The entries that follow must be given again exactly, with no pictures kept.

Saved entries

- - - - - - -

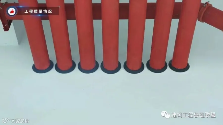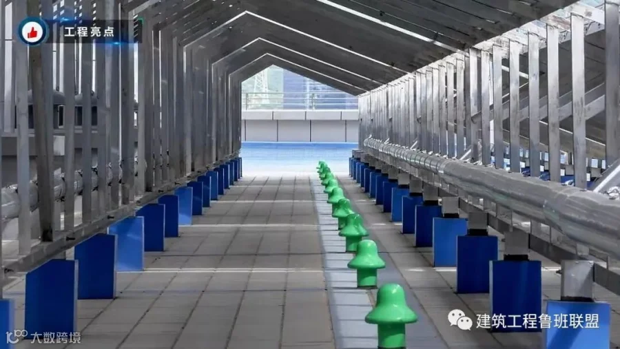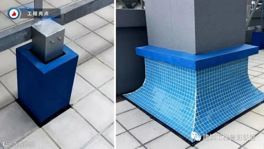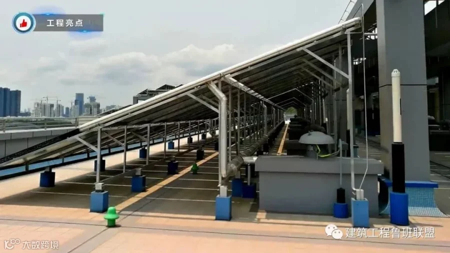 ✔ 屋面坡度合理,饰面砖铺贴整齐,泛水弧度统一顺直,设备管道成排成线,细部构造精美
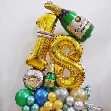 - 1 x Double Digit Champagne Bottle Deluxe Balloon Centerpiece (Air-Filled, place on the floor)
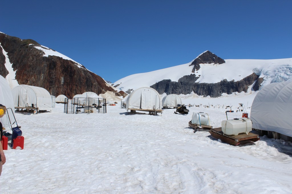 You see the equivalent of flotsam and jetsam in the snow below and wonder what in the world it is, and through your helicopter earphones they tell you. That’s dog camp. There’s a United States flag and an Alaska flag staked right in the 30 feet of snow that you’ll be walking around on in the glacier boots that fit snugly over your own shoes and gather your pants at the ankle shins, buckling tightly there to keep your legs warm.
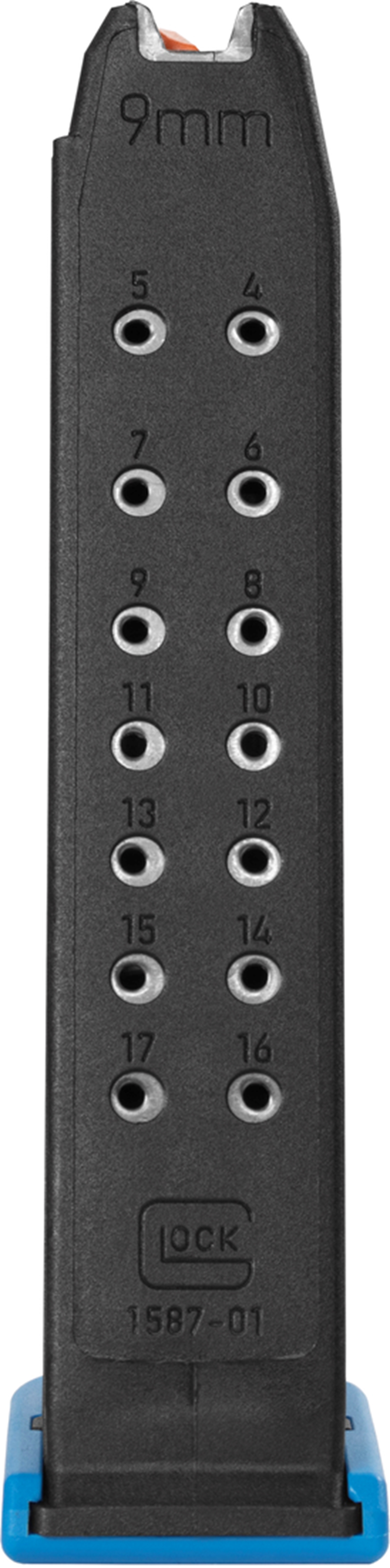 Magazin Glock 17/45 Gen5, Bod. blau, Zubr. orange 9x19
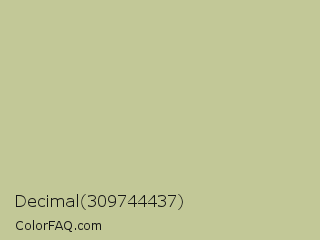 Decimal 309744437 Color is a light yellow color and the nearest color is Pine Glade #c7cd90. Hex code #c2c897 and RGB value is rgb(194,200,151). In RGB color space, this color is composed of 76% red, 78% green, 59% blue, In CMYK color space, this color is composed of 3% cyan, 0% magenta, 25% yellow , 22% black , In HSL color space, this color has a hue angle of 67° , 31% saturation and 69% lightness.

- - - - - - -

:: Solution below ::
 ✔ 屋面坡度合理,饰面砖铺贴整齐,泛水弧度统一顺直,设备管道成排成线,细部构造精美
 - 1 x Double Digit Champagne Bottle Deluxe Balloon Centerpiece (Air-Filled, place on the floor)
 You see the equivalent of flotsam and jetsam in the snow below and wonder what in the world it is, and through your helicopter earphones they tell you. That’s dog camp. There’s a United States flag and an Alaska flag staked right in the 30 feet of snow that you’ll be walking around on in the glacier boots that fit snugly over your own shoes and gather your pants at the ankle shins, buckling tightly there to keep your legs warm.
 Magazin Glock 17/45 Gen5, Bod. blau, Zubr. orange 9x19
 Decimal 309744437 Color is a light yellow color and the nearest color is Pine Glade #c7cd90. Hex code #c2c897 and RGB value is rgb(194,200,151). In RGB color space, this color is composed of 76% red, 78% green, 59% blue, In CMYK color space, this color is composed of 3% cyan, 0% magenta, 25% yellow , 22% black , In HSL color space, this color has a hue angle of 67° , 31% saturation and 69% lightness.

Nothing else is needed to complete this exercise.